The Bandit wargames by OverTheWire is aimed at beginners and is lots of fun. It teaches the basics and many useful commands. Finding the solution is one thing, however eliminating other solutions and what you learn on the way is a great experience. Its highly recommend you try to solve these yourself before looking at the solutions. Note no keys or spoilers are found here.
OverTheWire can be found at http://overthewire.org/wargames/bandit/
1) Read the goals for each level and the suggested commands on overthewire.
2) Use the man <command> (manual) command to find out more on the suggested commands. eg: if you want to know more on ssh you can type man ssh. It will tell you what switches are available and how they work.
3) While in the man you can press “h” for help on using the manual. For example if you wanted to know more about using “version 2” you can press /version 2 and it will find occurrences of that text. Then n to move forward or N to move back.
4) If you can’t figure out the man. Google research the command and search for practical examples.
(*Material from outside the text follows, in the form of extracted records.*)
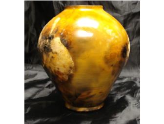 Bid now on this unique Kamdo pottery vase by Donna Kanich. The piece was fired in a kamado or outside oven similar to pit firing. Please note it is a decorative piece and the clay is not fired high enough to prevent leakage.
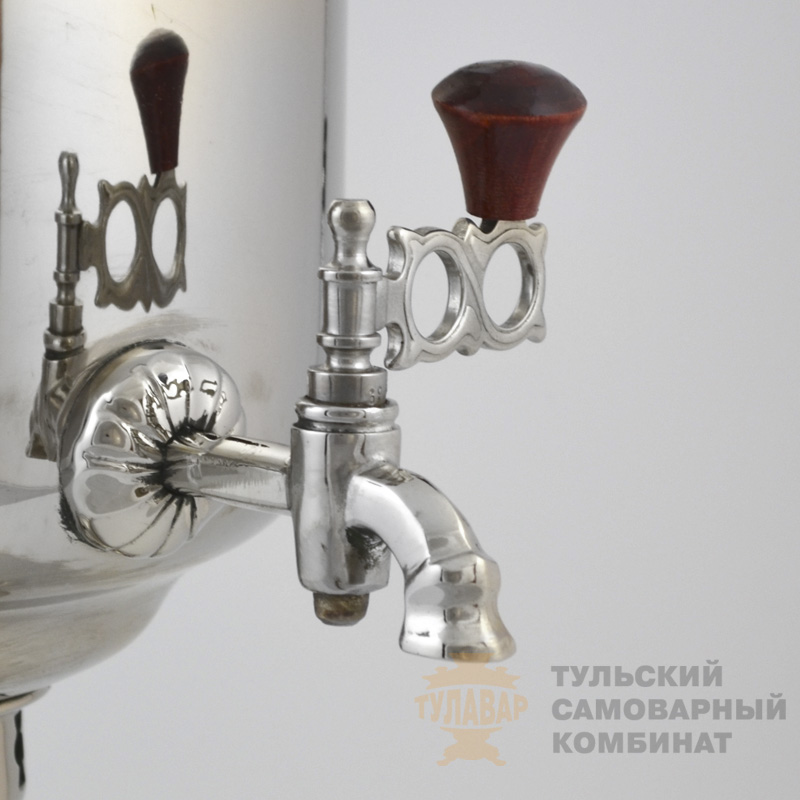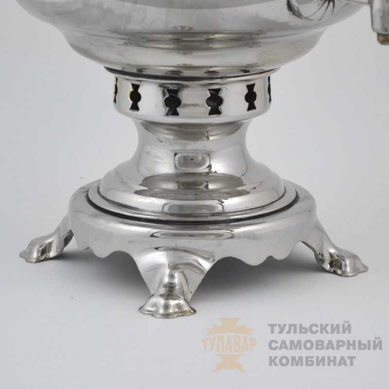 Самовар жаровый «Банка» никелированный формы банка — создан в русских классических традициях. Объема 7 л достаточно даже для больших компаний от 4 – 10 человек, истинных почитателей древнейших русских традиций чаепития.
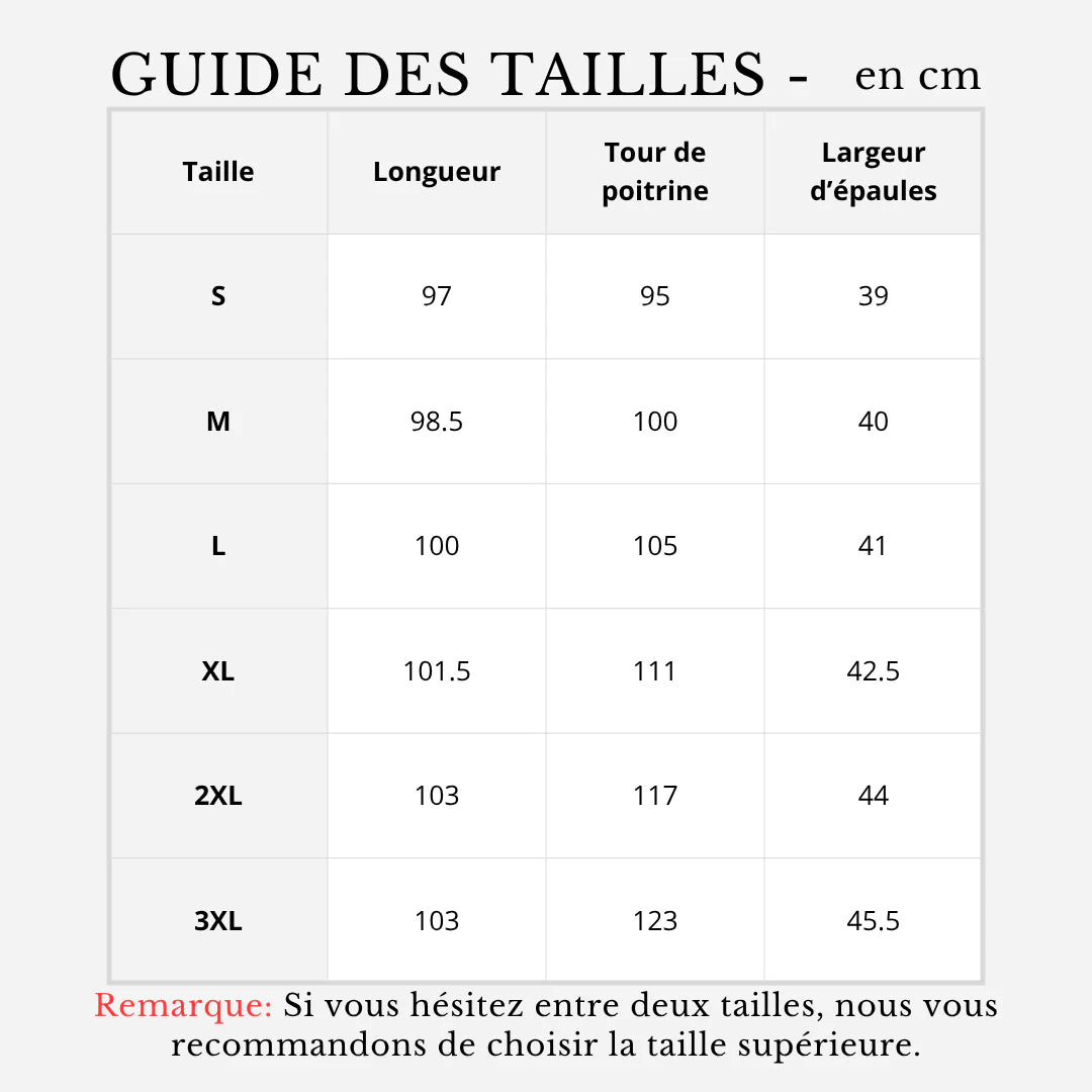 Remarque: Si vous hésitez entre deux tailles, nous vous recommandons de choisir la taille supérieure.
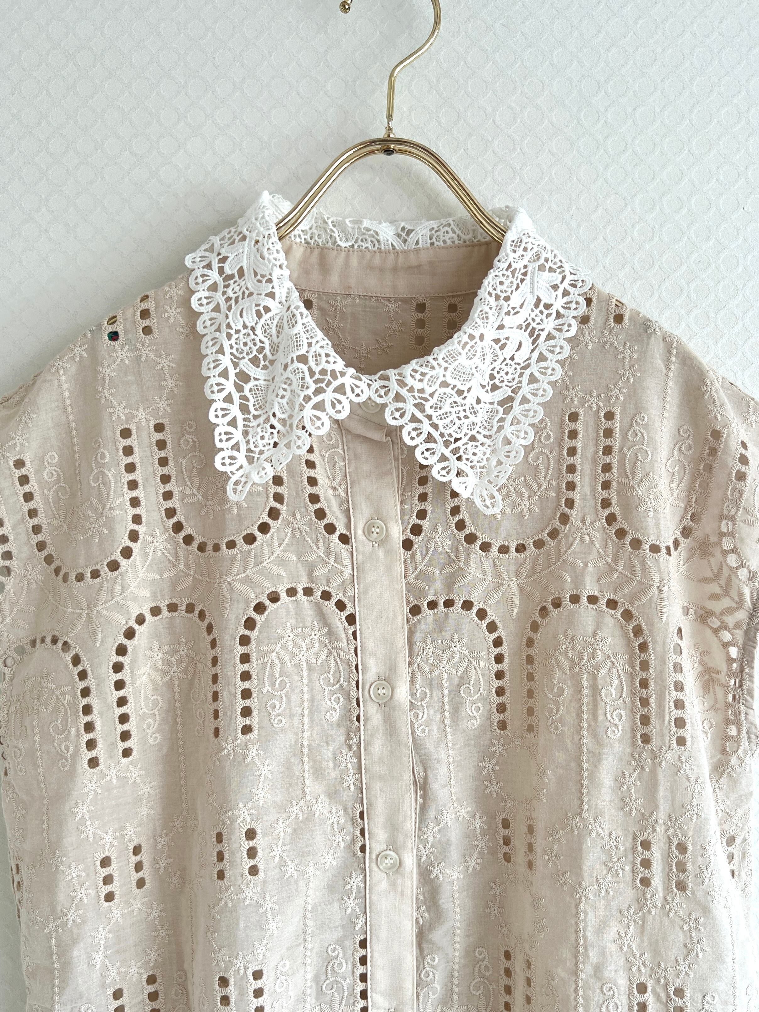 ショート丈なのでスカートやパンツ、着回しやすいアイテムです。レースブラウスなので女性らしくて可愛い印象に。
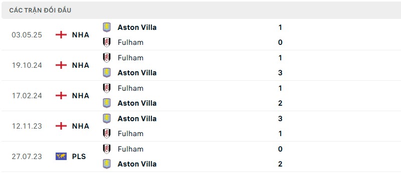 Lịch sử đối đầu lại mang đến sự thú vị riêng. Trong 5 lần gặp nhau gần nhất, Aston Villa đều là đội giành chiến thắng trước Fulham, bao gồm trận đấu hồi tháng 5/2025, nơi Tielemans ghi bàn duy nhất giúp Villa thắng 1-0. Khi ấy, đoàn quân của Emery không chơi vượt trội nhưng biết cách tận dụng cơ hội.
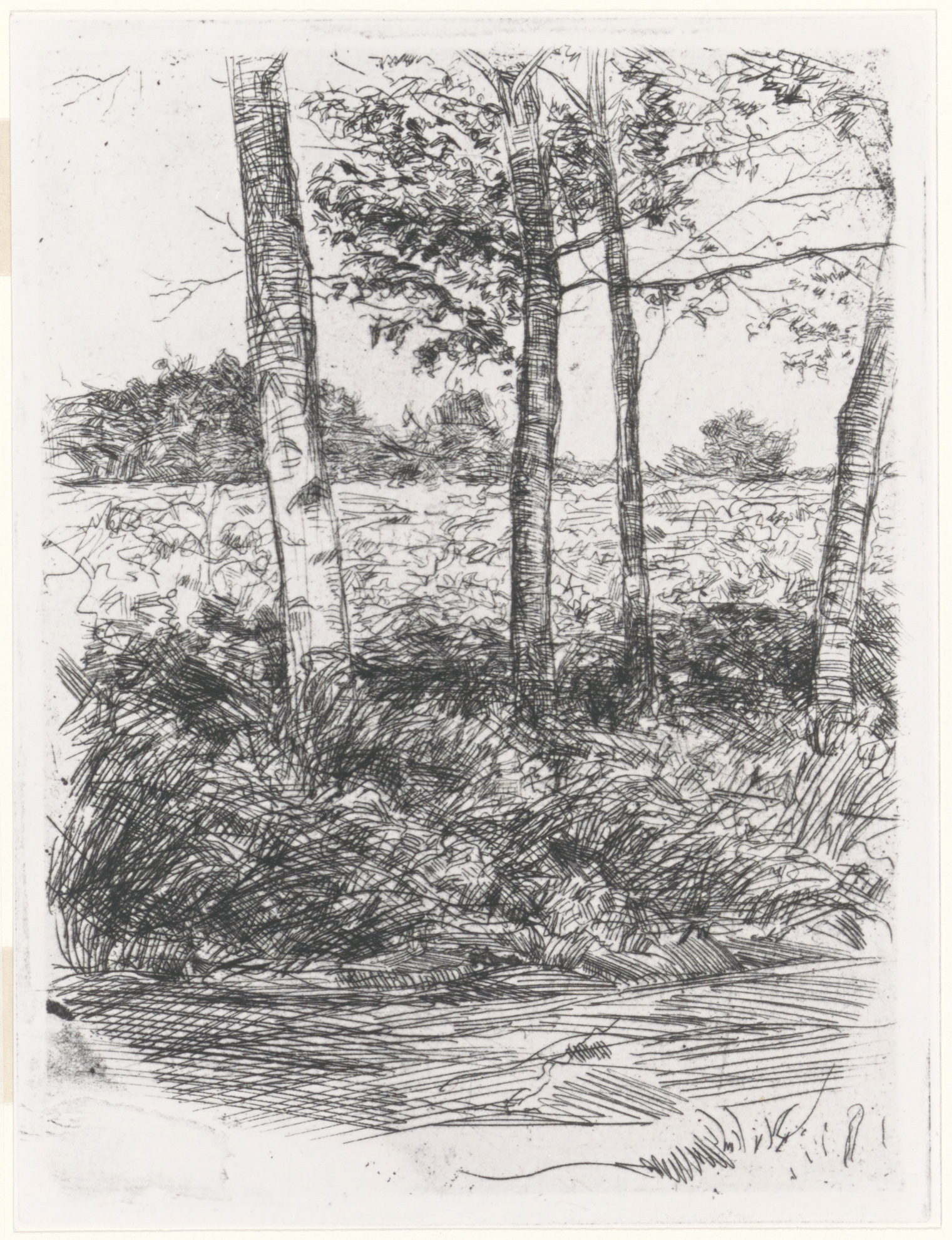 Reproductie van een schets gemaakt door Jan P. Veth van bomen
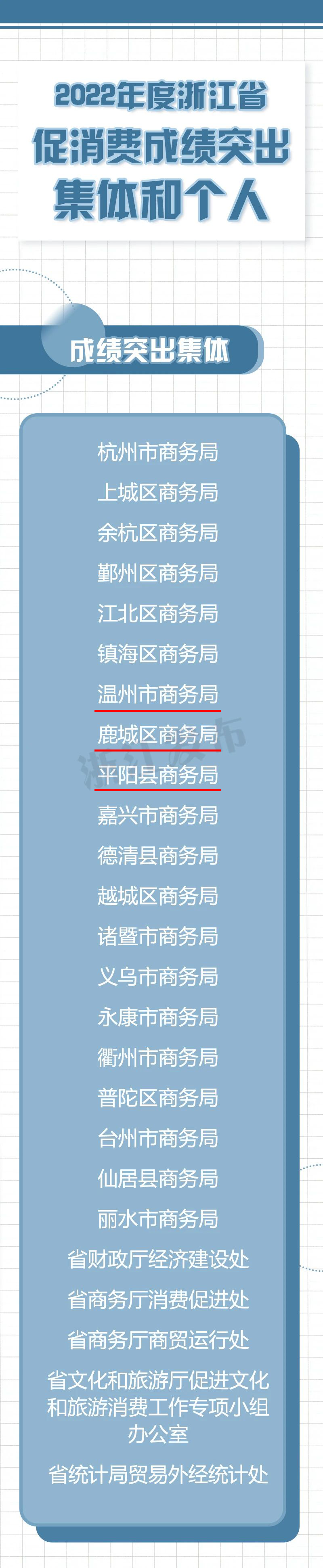 近日,浙江省政府办公厅印发《关于表扬2022年度促消费成绩突出集体和个人的通报》,决定对25个集体和50名个人予以通报表扬。其中,我市3个集体、4名个人在列。
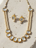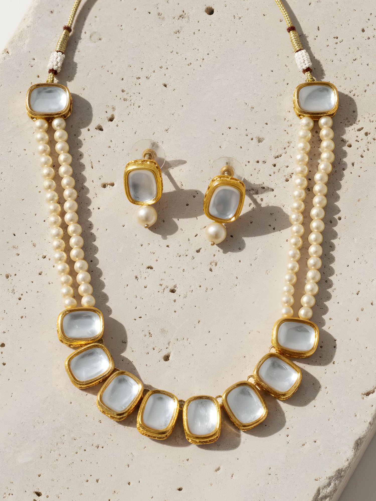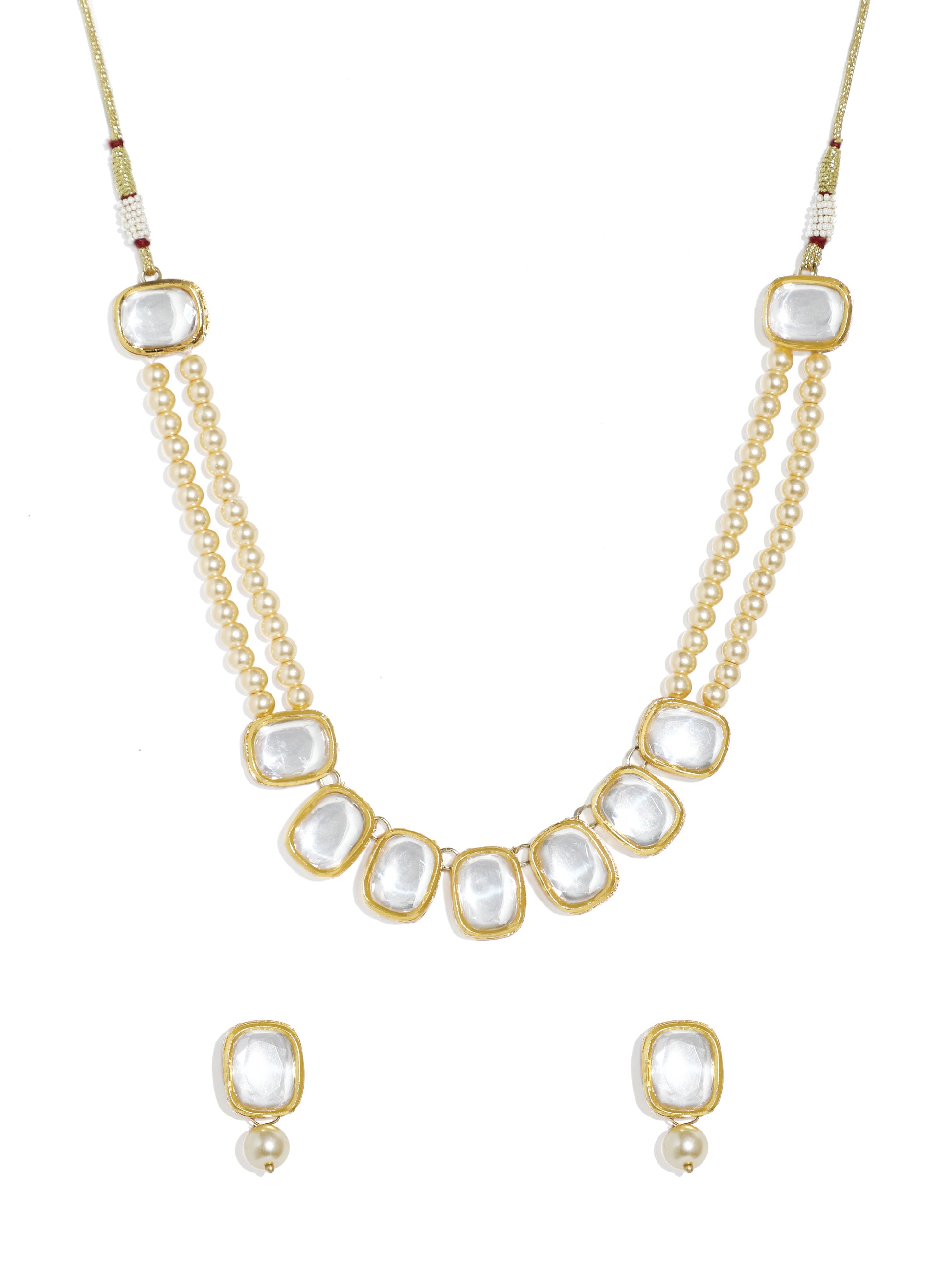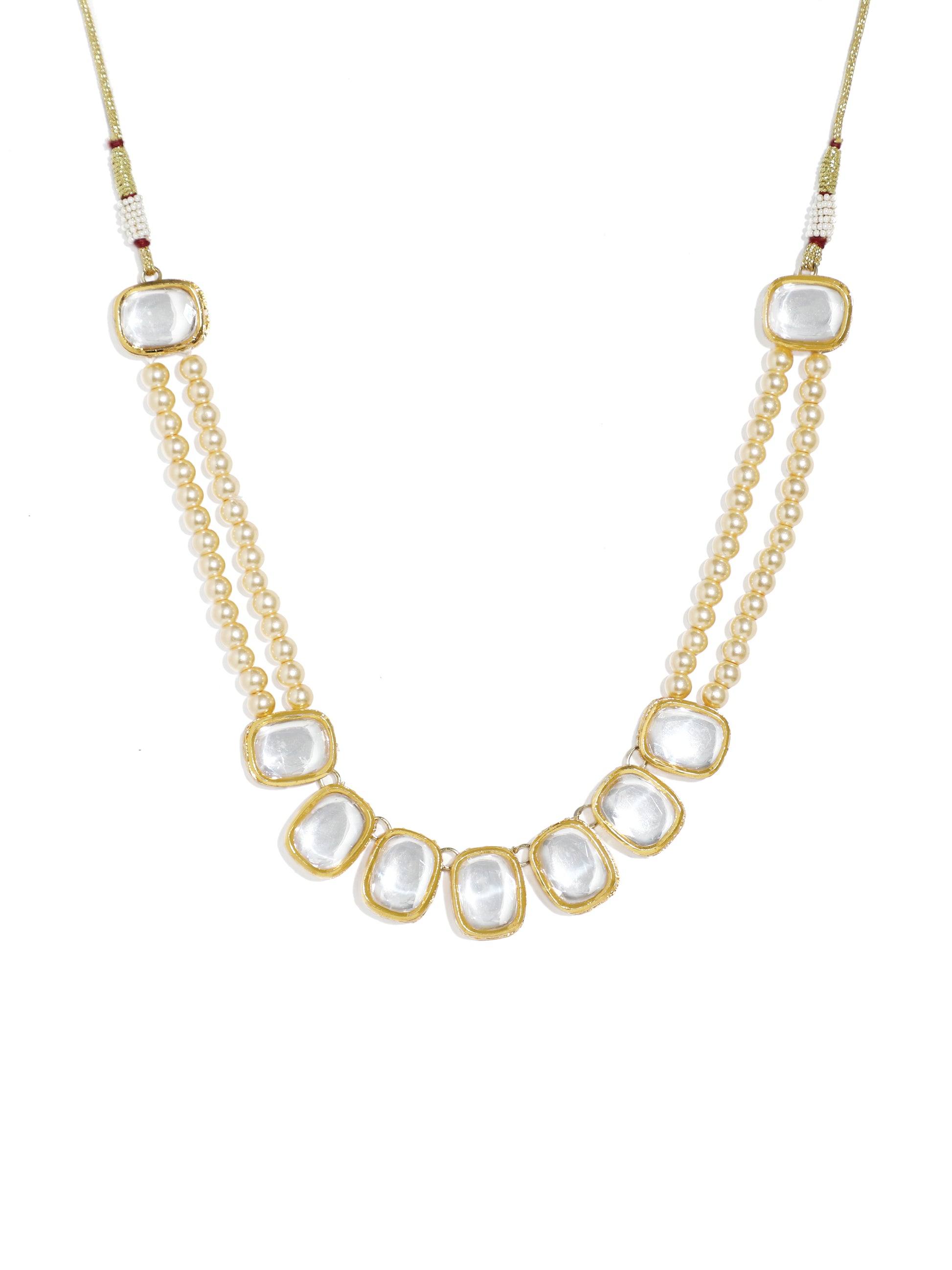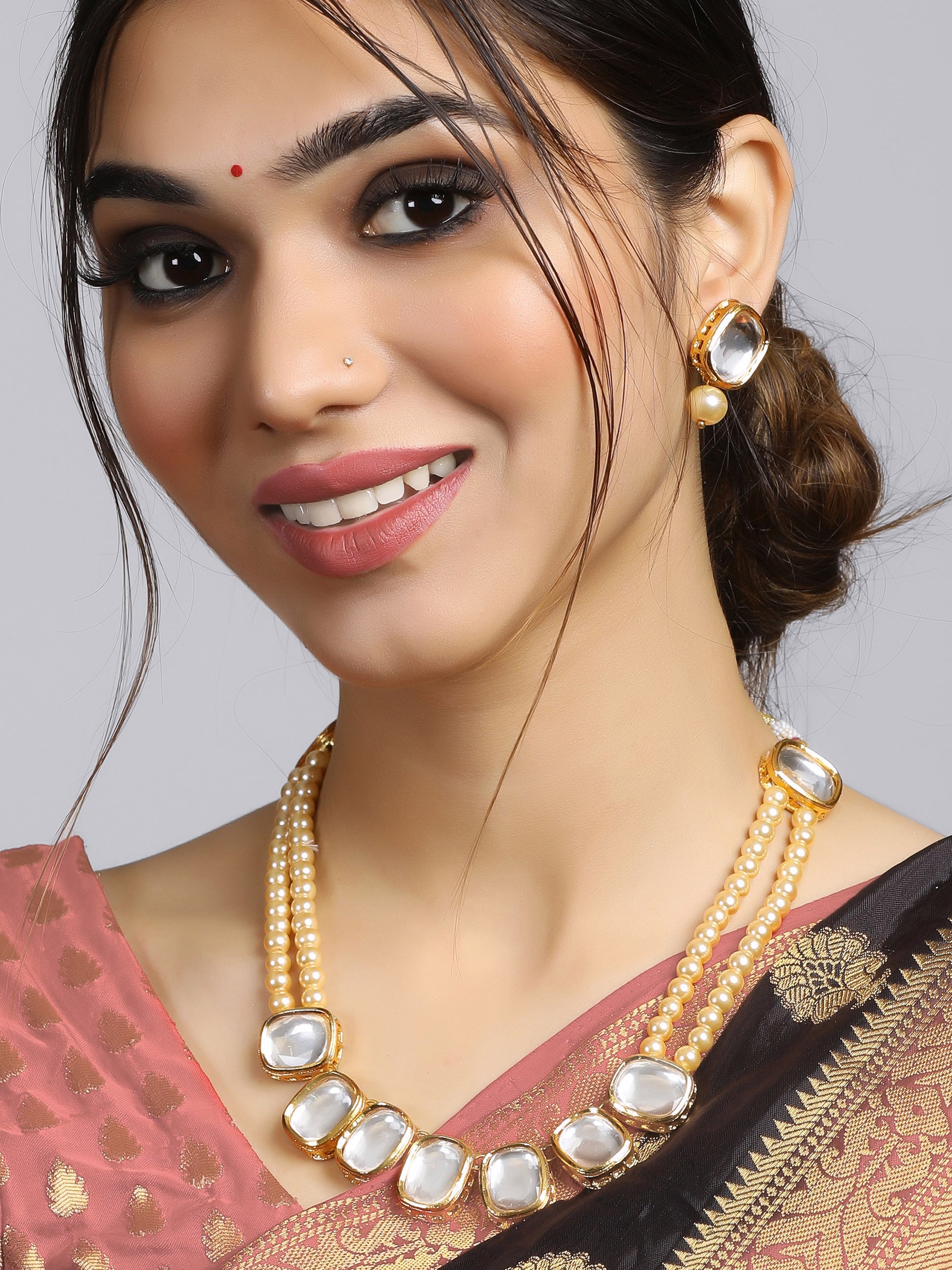 - Traditional Gold Plated Pearl Beads Polki Kundan Necklace with Earrings for Women. It's Five Layer Micro Gold Plated and Embellished with Elegant Kundan for High Durability. Intricate high polish creates glamorous reflections and adds a luxurious look. Perfect for Weddings, Festivals, Traditional Occasions. Best when paired with any Indian outfit.

5) As a very last resort, search for other walk throughs. You shouldn’t give in, jumping straight to the solution means you don’t learn as much and you miss out on the satisfication of solving it your self : )
Level Walk Through’s
SSH in with given credentials
sh [email protected] -p 2220
ls shows one file. cat opens it up and gives level 1 key.
Appears to be only a file in /home/bandit1 called “-” and its ASCII text.
Checking file sizes shows there is something in there.
Trying to open this with cat appears to go nowhere, just appears to be waiting for something. Notice in the man for cat an exception for no file or when file is “-” read standard input.
While researching more the cat command, found a site that showed how to solve this one.
Enclosing the file name in quotes or using tab to autocomplete had the same affect. To the next level.
Using the ls command with a specific switch, reveals a hidden file. This was another easy one – check the man for more details.
We are told the key is on a human-readable file in the inhere directory. Using the du -ab command showed all files were the same size (33 bytes). But when checking the file type of all the files in there (note the wildcard *) showed “-file07” was ASCII text. Trying to open the data files just gave gibberish.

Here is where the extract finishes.